Seqanswers Leaderboard Ad

Collapse

Announcement

Collapse
No announcement yet.
X
 
  • Filter
  • Time
  • Show
Clear All
new posts

  • GSMapper trimming

    Hello everyone,

    I've some SNP containing sequences, obtained some months ago from a fish species, and now we've obtain a genome close to our fish. I'm using GSmapper to map them to that genome, but I don't known why the program deletes 6 of our 15 sequences from the analysis. I've specified that I don't want a trimming step so I can't understand why the program is doing this. The documentation didn't help neither.

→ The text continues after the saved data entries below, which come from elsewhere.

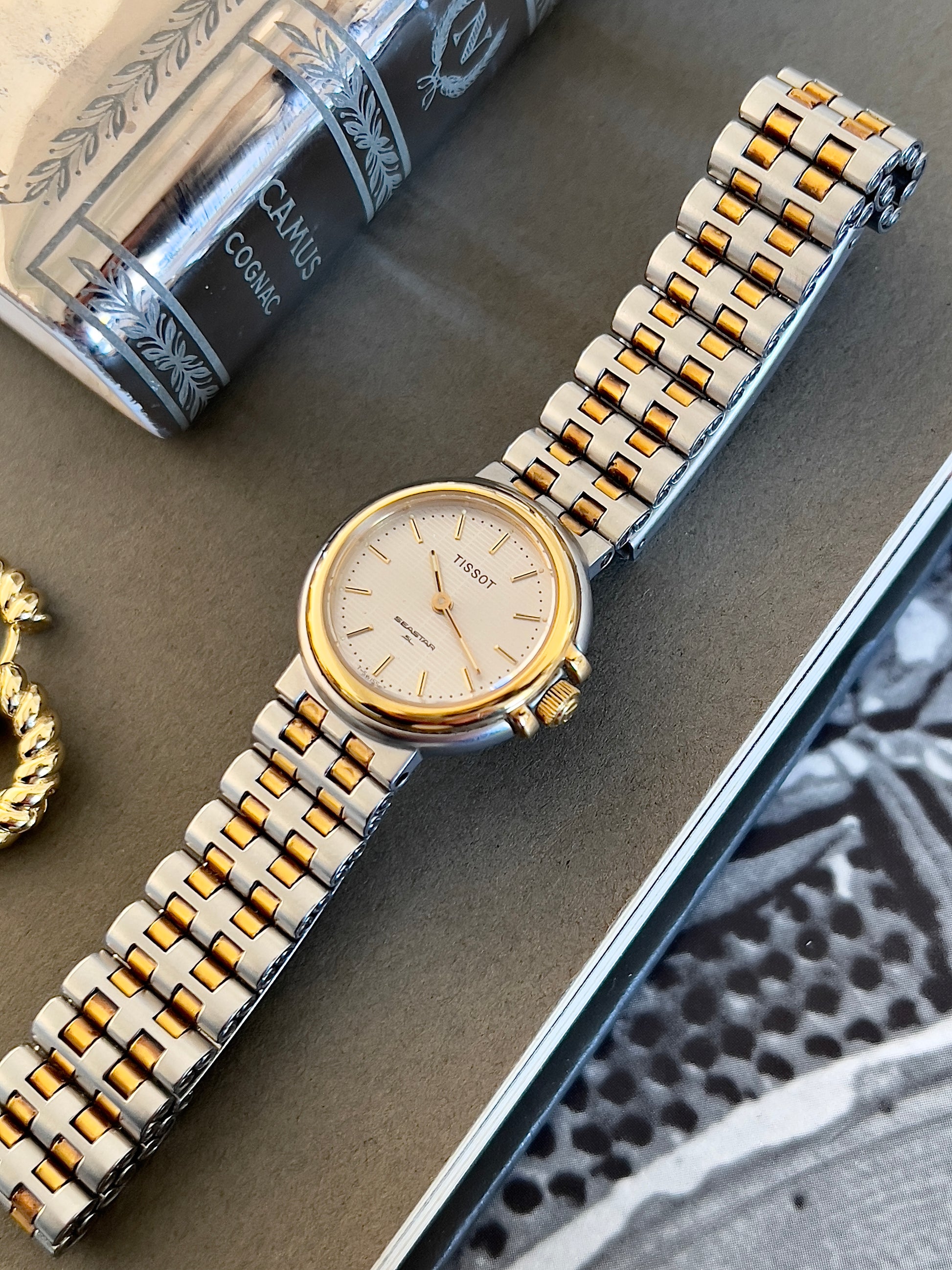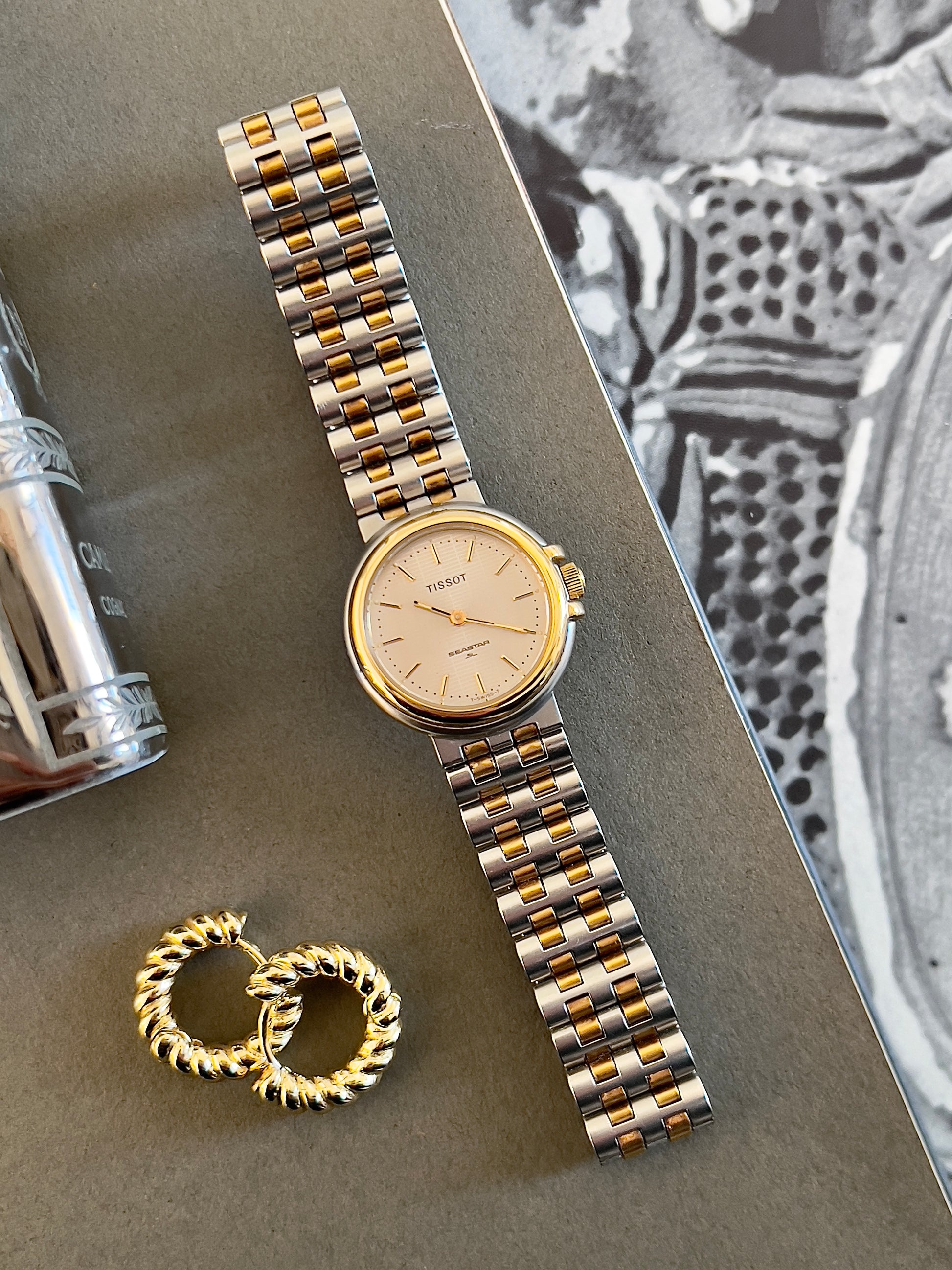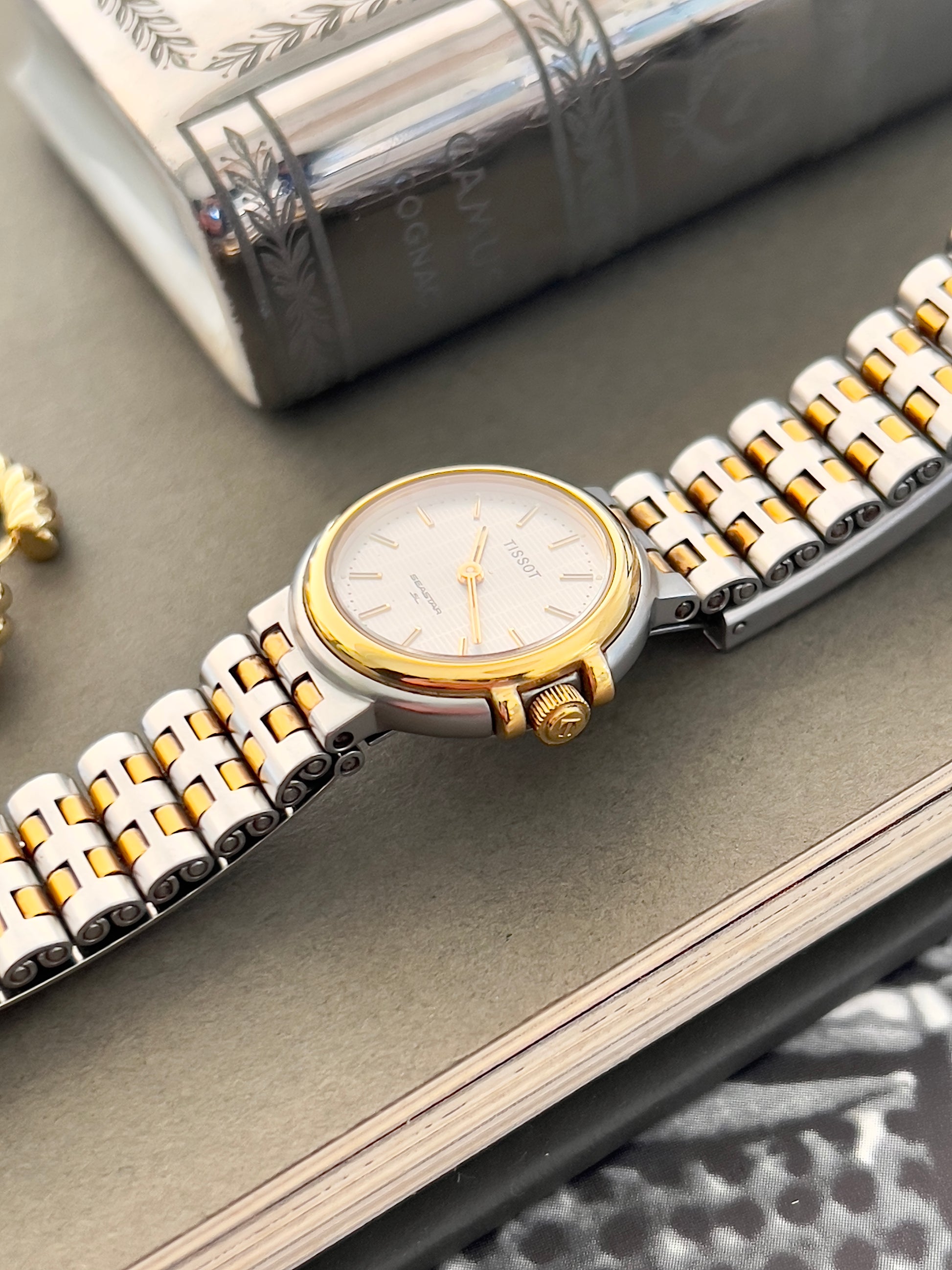 Tissot Two Toned Woman's Watch with Patterned Dial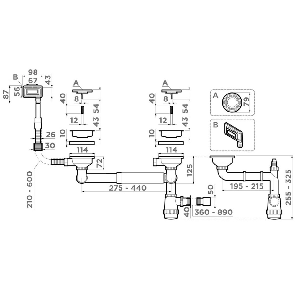 Арматура для полуторачашевых моек с универсальным прямоугольным переливом. Подходит для полуторачашевых моек Kata, Kitagawa.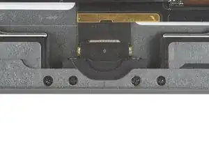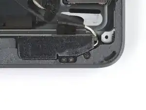 С помощью крестообразной отвёртки отвёрните винт длиной 2.3 мм, закрепляющий правый динамик.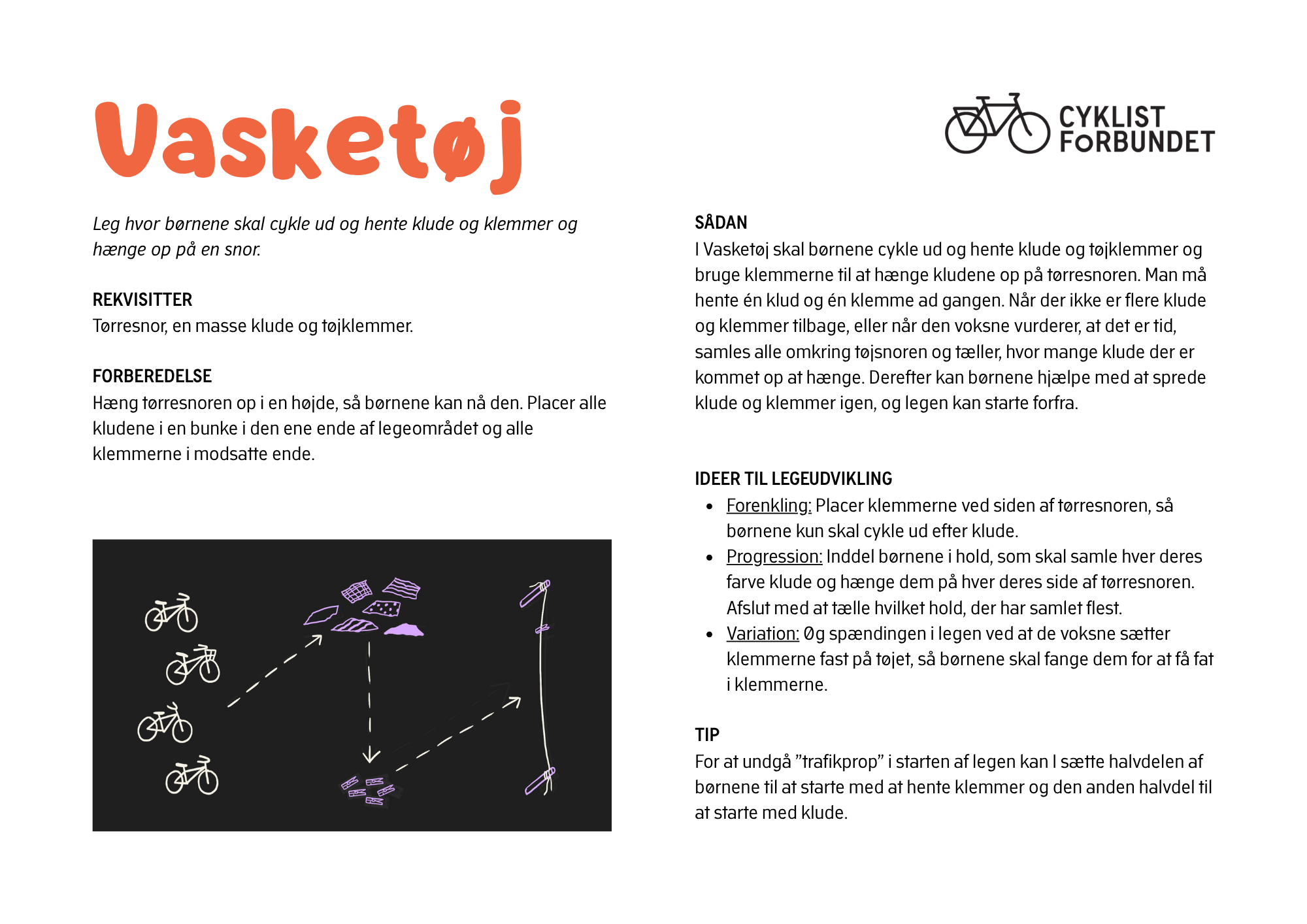 I denne video kan du blive klogere på Vasketøj, hvor børnene cykler ud for at hente klude og klemmer og hænger dem op på en tørresnor. Legen træner børnenes grov- og finmotorik, cykelkontrol og evne til at løse en fælles opgave – og så er det sjovt at se tørresnoren blive fyldt undervejs.

    Is a very silly question, but I can't find the solution. Any help of experienced people?

    Thanks in advance!

  • #2
    Hi Peitx,

    Sequences may be of low quality and/or small in length (<20 bp dufault). It is not necessary all sequences will be used for mapping to genome.

    Regards,

    Comment


    • #3
      Have a look at 454ReadStatus.txt

      Read Mapping Mapped % of Read Ref Ref Ref
      Accno Status Accuracy(%) Mapped Accno Start Stop Strand
      G5FF2WU01DTSD6 Full 95 100 chr2 227896723 227896852 -
      G5FF2WU01CKAXT Full 97 100 chr10 73453619 73453688 +
      G5FF2WU01BP3ZV Full 98 100 chr12 48373154 48373213 +
      G5FF2WU01CMIB1 Full 99 100 chr14 76948381 76948530 -
      G5FF2WU01ARMHW TooShort
      G5FF2WU01EVYYN Repeat
      G5FF2WU01EL8WA Repeat
      [...]


      It should at least answer your question why your reads are not mapped.

      cheers,
      Sven

      Comment


      • #4
        Thanks both for the reply

        Ketan, I'm sure that that the length is more than 20bp (minimum is 146, like you can see below). I dont have quality scores, but the seems that this is not a problem, because it accept the sequence (and I'm not interested in variant calling)


        Accno Trimpoints Used Used Trimmed Length Orig Trimpoints Orig Trimmed Length Raw Length
        ADR_F. 1-146 146 1-146 146 146
        ATROP_F. 151-151 1 1-341 341 341
        CITOCHROME-C_F. 105-105 1 1-280 280 280
        CITRATO3. 42-42 1 1-645 645 645
        CITRATO5. 43-43 1 1-551 551 551
        GNRH3-1_F. 1-197 197 1-197 197 197
        HGFL_R. 1-558 558 1-558 558 558
        HIF2-3_F. 20-20 1 1-575 575 575
        INTFGP_F. 1-307 307 1-307 307 307
        INTRAOPCO2_F. 1-306 306 1-306 306 306
        L12_F. 1-551 551 1-551 551 551
        LACDB_F. 37-37 1 1-368 368 368
        LYS2_F. 1-591 591 1-591 591 591
        MTF_F. 1-636 636 1-636 636 636
        S7-2_F. 1-605 605 1-605 605 605

        I've check the position where the trim is executed, and in some cases I've found IUPAC nucleotide (i.e. Y). In another sequences the problem is a N nucleotide. The fact is that in some sequences the reason is one and other the other, so I can't obtain a final razon. I've been finding this issues in the documentation, but without success...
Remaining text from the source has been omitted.